A partir de esta plataforma, los separatistas pueden libremente dibujar proyectos que se correspondan con su horizonte máximo, es decir, la independencia, bajo la forma que sea materialmente factible. Conviene tener en cuenta que, en su plano, no existe sólo un vector, esto es, el de las “naciones” que se independizan de España, sino que ese vector corre al encuentro de otro: el de la Europa que va absorbiendo competencias de los viejos Estados nacionales. El horizonte real en el que están pensando Carod, Pujol, Ibarretxe o Quintana no es el de unas naciones emancipadas al estilo del siglo XIX –eso sólo lo piensan las minorías radicales, esos descerebrados que, sin embargo, tanto ayudan en el camino-, sino que el dibujo se ajustaría más bien al de unas naciones de independencia formal en el seno de una Europa confederal con soberanías compartidas.

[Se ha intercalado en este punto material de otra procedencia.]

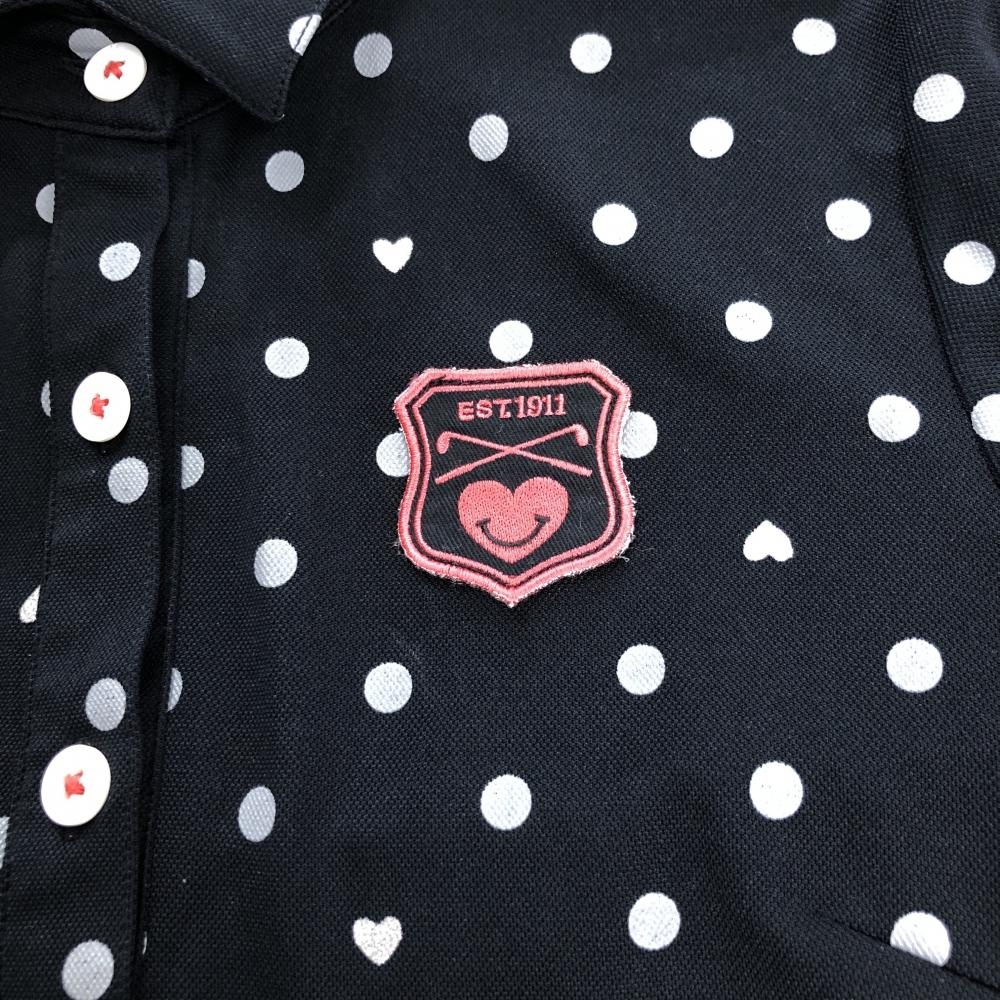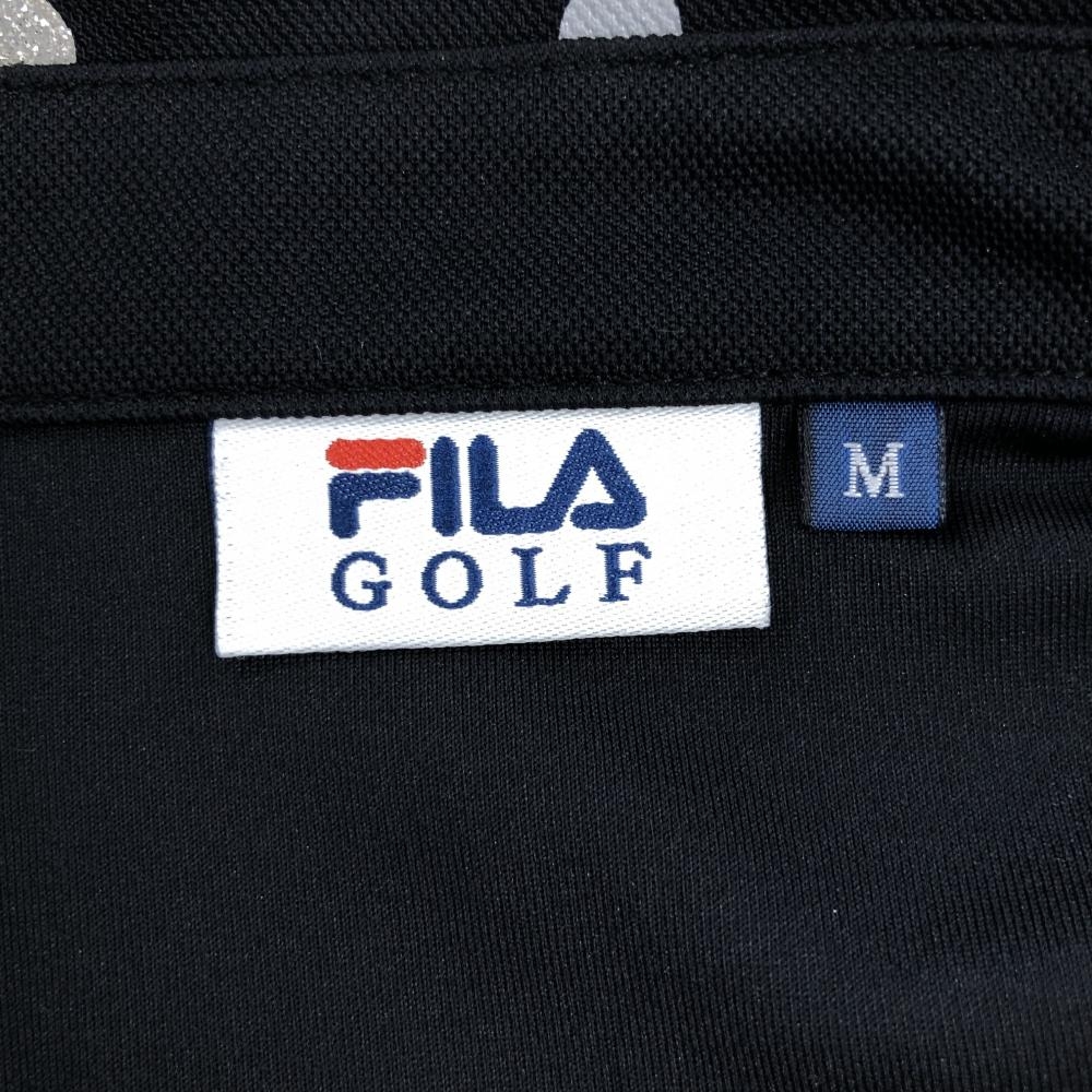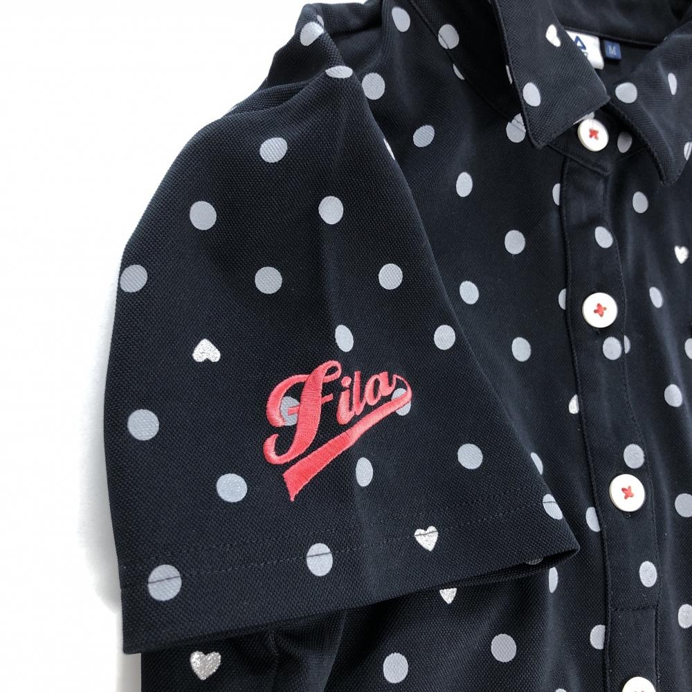 フィラゴルフ 半袖ポロシャツ 黒×グレー ドット柄 胸元ワッペン レディース M ゴルフウェア FILA GOLF
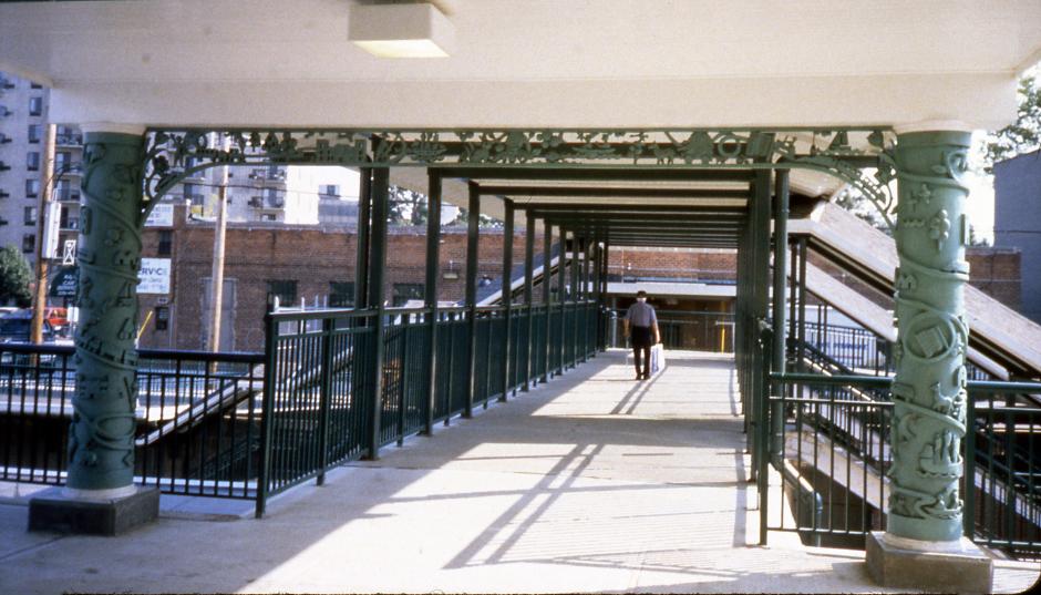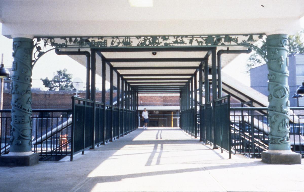 “Bayside Story” features spiral friezes that wrap around the support columns, bearing animal and floral motifs as well as bronze reliefs that celebrate local history and culture. Indians paddling a canoe have a central position in the work. Around them are a settler's homestead, a Revolutionary war soldier, a farm, and Fort Totten. Boxer "Gentleman Jim" Corbett represents local heroes; a yacht and checkered flag portray local amusements. Once home to the Native American Matinecocks, in the late 1800s, the wealthy built estates in Bayside. In the early 1900's, the community was the home to stars of the silver screen.
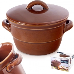 Vasul ceramic universal cu capac, în tradiționala culoare maro, este un ajutor excelent pentru bucătăria de zi cu zi. Ceramica opacă, glazurată, ajută la menținerea unei temperaturi stabile și creează condiții ideale pentru fermentare și maturare, datorită cărora alimentele își păstrează gustul și calitatea.
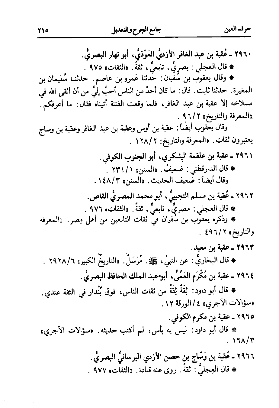 وقال يعقوب أيضًا: عقبة بن أوس وعقبة بن عبد الغافر وعقبة بن وساج يعتبرون ثقات. "المعرفة والتاريخ" 2/ 128.
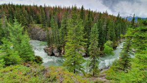 19 June: Walk around Jasper, hike Old Fort Point trail. Pick Lars up from train station. Hike Maligne Canyon. O/n at Pocahontas Campground ($20 per night, up to 6 pax, for an unserviced site with fire pit, bathrooms, water, dump station)
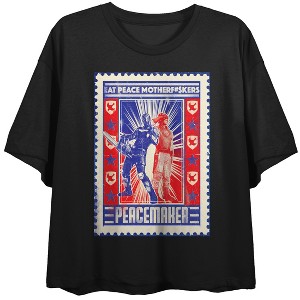 Peacemaker Blue & Red Christopher Smith & Adrian Chase Junior's Black Crop Top - 2 of 4Peacemaker Blue & Red Christopher Smith & Adrian Chase Junior's Black Crop Top - 3 of 4Peacemaker Blue & Red Christopher Smith & Adrian Chase Junior's Black Crop Top - 4 of 4
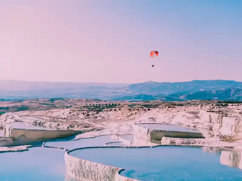 Pamukkale, che in turco significa "castello di cotone", è un sito naturale unico al mondo situato nella provincia di Denizli. Questo spettacolare fenomeno geologico, Patrimonio dell'Umanità UNESCO dal 1988, si estende per ben 2700 metri di lunghezza e 160 d'altezza. I movimenti tettonici hanno causato la nascita di numerose fonti termali ricche di calcio che, nel corso dei millenni, hanno modellato le famose terrazze di travertino bianco.

Un horizonte con dos vectores
El encuentro de estos dos vectores es letal para España. El vector de la integración continental ya nos ha privado de soberanía sobre nuestra moneda, sobre las grandes líneas de nuestra política financiera y arancelaria, sobre competencias muy concretas en el plano energético e industrial. En un proceso concomitante, nuestra política de defensa ya no es nuestra y nuestra política exterior, en sus rasgos fundamentales, tampoco. Visto desde la perspectiva de un separatista vasco o catalán, este camino sólo significa una cosa: que el poder de su enemigo, esto es, España, se ha debilitado de manera extraordinaria.

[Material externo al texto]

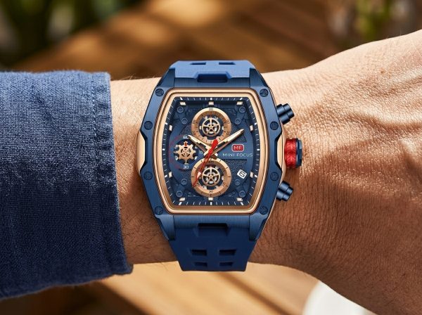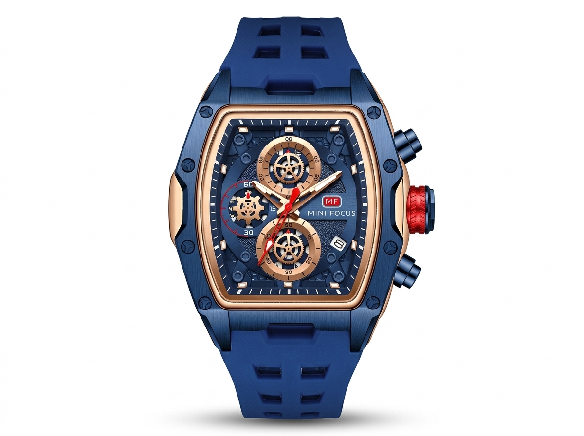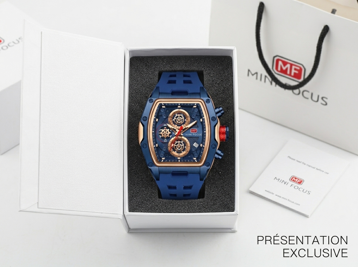 Découvrez la montre MINI FOCUS, une fusion audacieuse de design sportif et d’élégance moderne. Son cadran bleu texturé et ses accents or rose en font l’accessoire parfait pour l’homme dynamique.
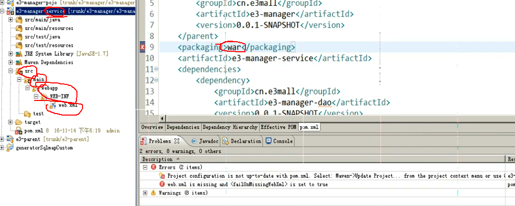 e3-mall-manager-web的pom.xml需要依赖service的接口了
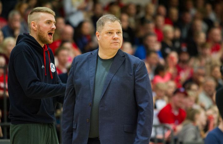 Kári Jónsson var enn og aftur í lykilhlutverki í kvöld og hann uppskar hrós þjálfarans. „Kári er frábær körfuboltamaður. Auðvitað er maður fúll þegar menn eins og hann gera mistök - og hann gerði mistök í kvöld. En þeir eru að djöflast í honum allan leikinn og þetta er því skiljanlegt.“
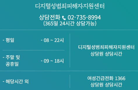 더 많은 정보나 문의 사항은 디지털성범좌피해자지원센터 홈페이지에서 확인 가능합니다
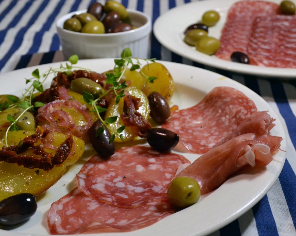 När vi ändå kör det här vårlika temat, så sitter det fint med en örtbakad potatissallad med soltorkade tomater. Unna dig bra potatis och goda soltorkade tomater, mycket mer prisvärda än de där blekröda sakerna som nu tar upp plats i affärernas grönsaksdiskar.

Fijemos ahora la atención en el otro vector, el de la descomposición nacional: el Estado transfiere a sus regiones competencias amplísimas en educación, sanidad, agricultura, turismo, orden público, cultura, comunicación… Sólo quedan cuatro grandes parcelas donde el Estado aún puede hacer valer su peso: la recaudación fiscal (el Tesoro), la Justicia, las grandes obras de infraestructuras y la caja de la seguridad social. Es aquí, en estas parcelas, donde concentran ahora sus aspiraciones los separatistas. Ganadas éstas, ¿qué peso real tendría ya el Estado frente a sus regiones? Realmente, ninguno. Y las regiones, convertidas en naciones por un referéndum de autodeterminación, podrían perfectamente entenderse con una superestructura europea cada vez más definida.
Este es el marco del gran plan. En ese mañana piensan quienes hoy hablan de referendos de autodeterminación. Nunca serán propiamente soberanos, ni lo pretenden; lo que pretenden es ser independientes de España, su tabú, tótem maléfico, aunque sea para depender de Bruselas. España podría impedirlo. Para ello tendría que presionar sobre los dos vectores: limitar el proceso de integración continental hasta donde sea posible, limitar el proceso de desintegración nacional hasta donde sea imprescindible. Hay sobrados instrumentos jurídico-políticos para hacerlo. Pero no sirven de nada si no hay voluntad política para aplicarlos. El actual Gobierno de España ya ha mostrado sus cartas: está dispuesto a acelerar el desmoronamiento a cambio de perpetuar la hegemonía de su partido. Ahora sería preciso que los ciudadanos de España hablaran. ¿Lo harán? Esa será la verdadera prueba de fuego.